100 billion is an incredibly big number, and yet a fully developed human brain can have up to as many as 100 billion neurons in it as part of the extensive neural network that provides the brain with the framework it needs to be the amazing mega processor that it is. Much of the focus with A.I. in computers has been to replicate the function of the human brain as best as possible, and to date that’s happened with varying measures of success along with difficulty in measuring the criteria for that.
The key conduits in a brain’s neural network are synapses, and these are literally the bridges between cells along which bioelectrical impulses provide cognitions, impulses, feelings – pretty much and everything and anything that you might have rooted in mental function. Those impulses have their roots in the different cortex centres of the brain, and in much the same way they are found in the chips of computers and the sort. Up until now the relaying function of these chips lost something of its power and authenticity, but that may be a shortcoming that has a fix possibly arriving soon.
New developments of chips modeled after the brain’s neural network are really making waves based on what they can do for expanding on the capabilities of computing devices. Here at 4GoodHosting it goes without saying that this is a topic of interest for any Canadian web hosting provider or any other type of provider that has inherent interests when it comes to making devices capable of more while keeping them suitably compact and usable.
It’s certainly something that can reach out and be beneficial to everyone, especially when you think about what it’d be like to have computers that are as sharp as what we’re all lucky enough to have between our ears. It may be a reality in the not-too-distant future, and so that’s what we are going to look at this week.
World’s First Electrochemical 3-Terminal Transistor
All of this has to do with a new material that has been developed, an electrochemical 3-terminal transistor manufactured with 2D materials. The key component here is a titanium carbide compound called Mxene that takes classical transistor technology into a whole new stratosphere of transmission possibilities for transistors. The relevance is that it is the first electrochemical 3-terminal transistor manufactured with 2D materials.
This is what allows it to function more in line with how a brain would with maintain signal integrity and allowing it to have all the nuanced complexity that it needs to have. With these new chips the electrochemical random access memory (ECRAM) behaves as a synaptic cell in an artificial network, establishing itself as a 1-stop shop for taking data and then processing / storing it. Computers equipped with chips built this way could rely on components that can have multiple states, and perform in-memory computation in ways that would make current capabilities seem pedestrian at best.
Leading to Even More
The further belief among computing science experts is that the MXenes could be fundamental when it comes to developing neuromorphic computers that are closer in operation to human brains and immensely more energy efficient than today’s traditional computers – in same cases thousands of times more energy efficient to go along with all the more detailed and fine computational abilities.

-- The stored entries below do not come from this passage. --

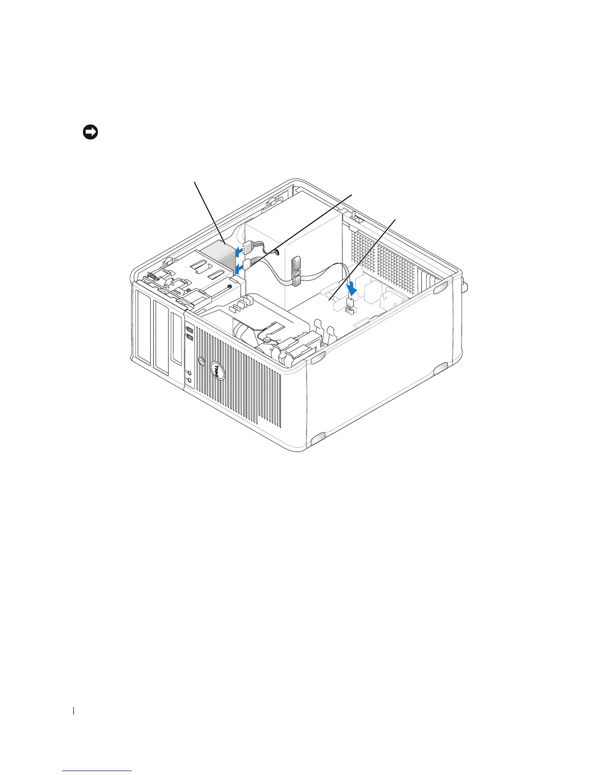 NOTICE: Always connect the optical drive SATA cable to a system board SATA connector that is labeled with
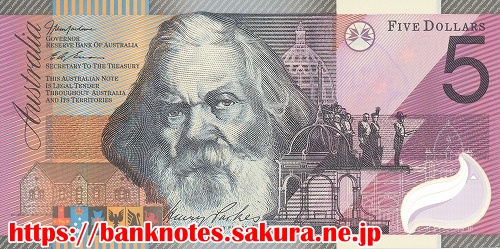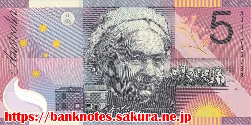 | 2001年1月に建国100年を記念して発行された「記念5ドル」のポリマー紙幣です。表面の肖像は、建国の父といわれるヘンリー・パークス(Sir Henry Parks 1815-1896 ) です。肖像のほかに、最初のオーストラリア議会の開会式の光景、シドニーの連邦パビリオンの建物、メルボルンの王立展示場、パークスの有名な演説が行われた美術学校と彼の演説内容、国章、パークスのサインなど狭い券面に盛りだくさんの内容が描かれています。裏面の肖像は、社会改良家、小説家で、最初の連邦議会の女性立候補者であったキャサリン・ヘレン・スペンス ( Catherine Helen Spence 1825-1910 ) が描かれています。歴史所有名な6人の人々の小さな立像、連邦子供局の建物、太陽の光、南十字星、アカシアの枝を使った編み枝細工、スペンスのサインなど、多くのテーマが詰め込まれています。 |
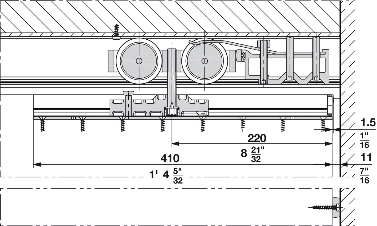 Hafele 942.56.002 Sliding Door Hardware, HAWA Junior 250/B, Top Hung System, with 1 track buffer/1 wall buffer, Set
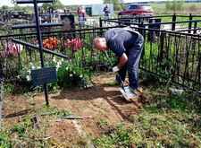 В данном заказе мы столкнулись с достаточно запущенной могилой: вся территория места захоронения заросла травой. Клиент пожелал избавиться от неё, заказав у нас уборку.
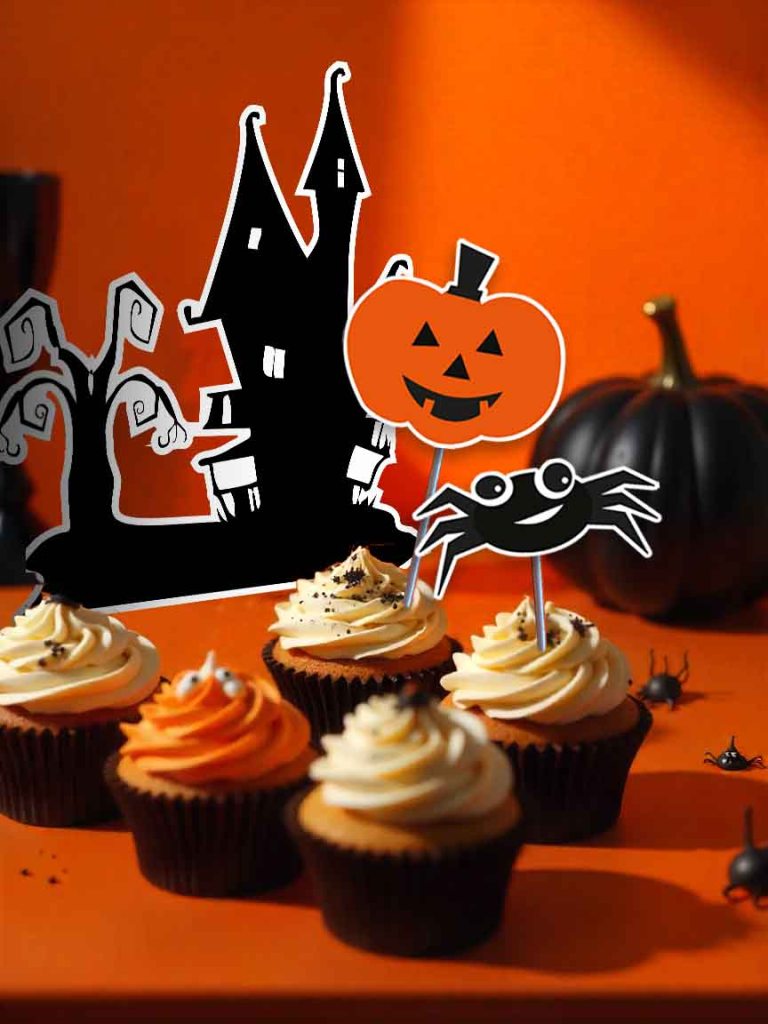O Halloween não começa só quando os convidados chegam. A experiência de preparar tudo já faz parte da festa! Organie uma tarde criativa, convide amigos ou coloque as crianças para participar da montagem. Eles vão adorar recortar as bandeirolas, colocar toppers nos cupcakes ou espalhar fantasmas pela casa. Além de deixar tudo mais bonito, o clima de “faça você mesmo” cria memórias especiais.

A good number of developers will be familiar with CMOS wafer assemblies where layers of 2D are integrated in silicon, and these new chips will do much the same with the 3-terminal transistors. What this will be is a true hybrid integration with the same back of the line processes.
What can be expected? For starters, these super chips would have write speeds that are upwards of 1000x faster than any other ECRAM that has been built to date. If one was to scale 2D ECRAMs to nano dimension the less than a nanosecond processing rate would make them as fast as the transistors in today’s computer so it’s reasonable to think it can fuse into our current computers using CMOS technology process.

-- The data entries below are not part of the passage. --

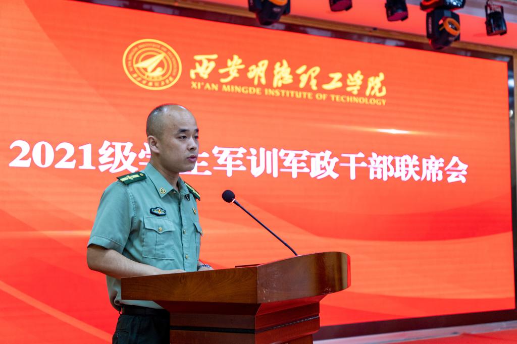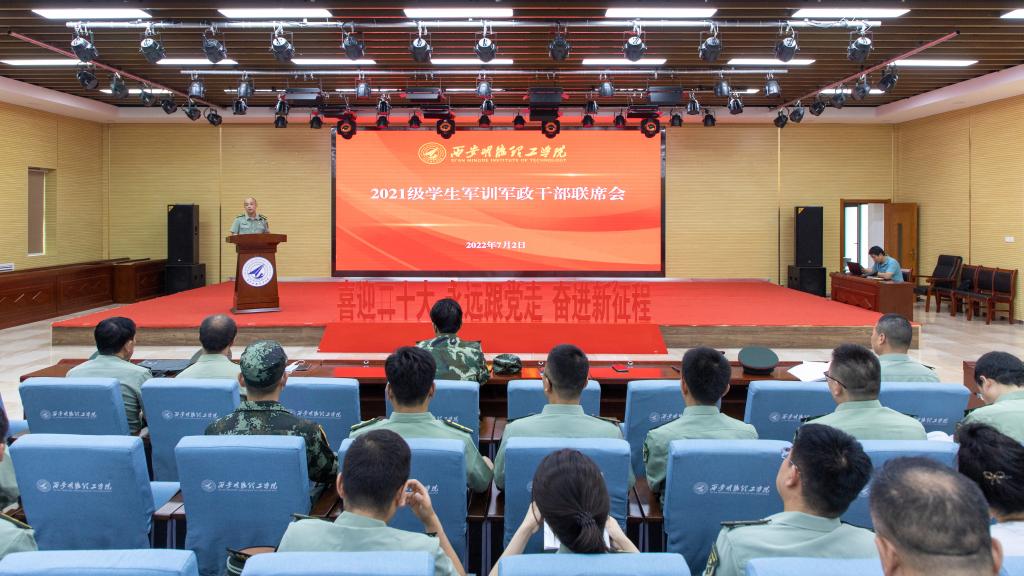 7月2日下午,2021级学生军训军政干部联席会在建德楼203举行。学校党委学生工作部副部长、军训团政委童杨梓,军训团军事训练顾问伍继强、团长李东君、参谋长段颖盟、副团长朱延波及全体军训团干部参加了会议。会议由副政委王飞主持。
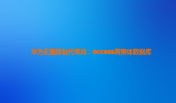 2024-02-17华为云国际站代理商:access两窗体数据库 引言 华为云作为全球领先的云计算服务商,凭借其强大的技术实力和稳定可靠的服务质量,赢得了广大客户的信赖。作为华为云国际站的代理商,access两窗体数据库具有独特的优...
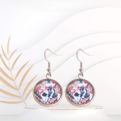 Boucles d'oreille illustrées d'un ibis rouge, photographie prise à Montpellier.
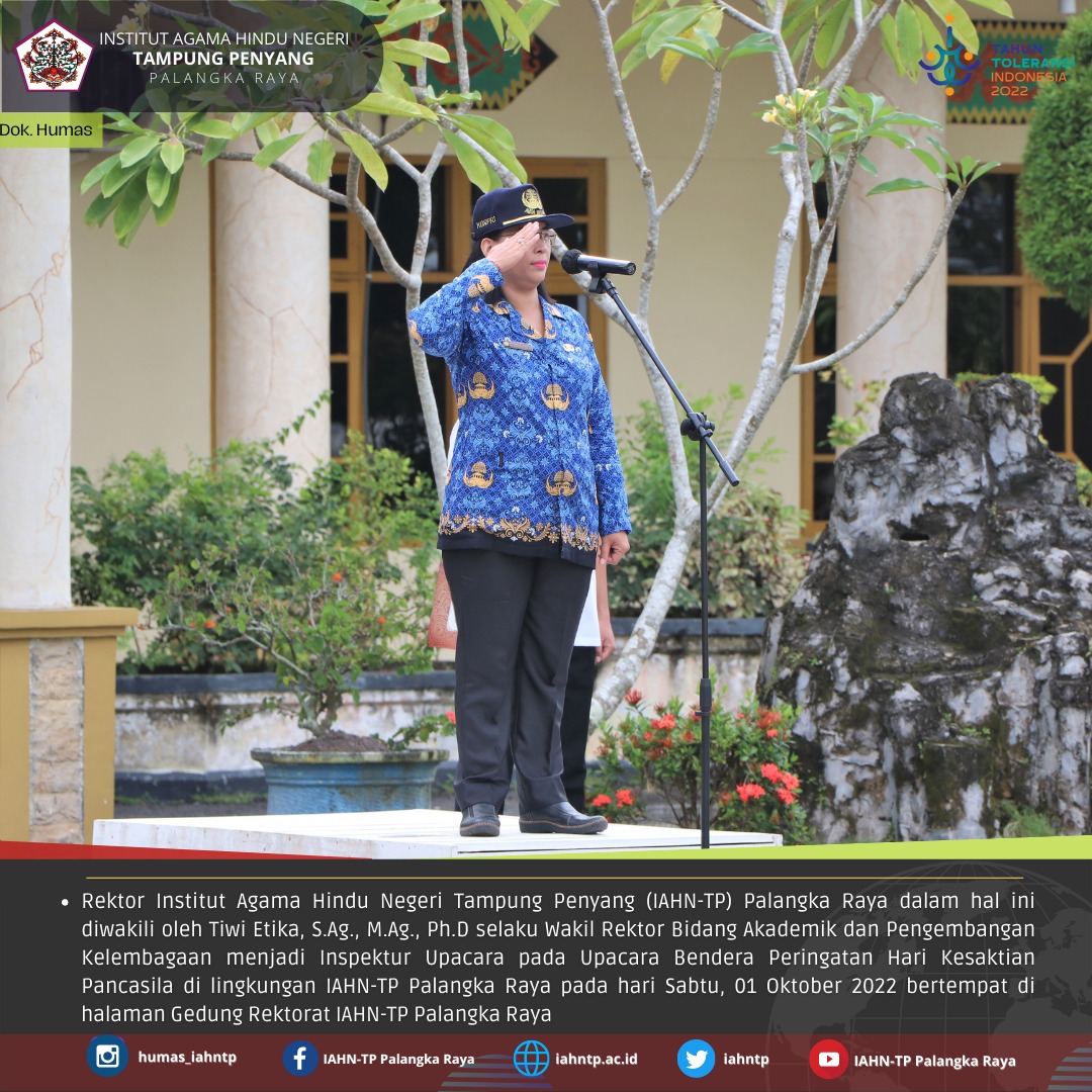 HUMAS IAHNTPnews,- Upacara Bendera Peringatan Hari Kesaktian Pancasila di lingkungan Institut Agama Hindu Negeri Tampung Penyang (IAHN-TP) Palangka Raya bertempat di halaman Gedung Rektorat IAHN-TP Palangka Raya pada hari Sabtu, 10 Oktober 2022.

That’s due to the 2D transistor metal materials being entirely compatible with CMOS fab process, and the belief is that within a decade users may be able to fabricate special purpose computer blocks where memory and transistors merge to make them at least 1000x more energy efficient than the best computers we have today. AI and simulation tasks could even have 1 million fold energy efficiency for certain algorithms. These new chips are eventually going to be seen in cloud computing services like web hosting and website builders.
The first commercial products with this kind of mega-powerful chip in it may still be a long way off, but industry experts are saying we might see offerings becoming available before the end of the 2020s.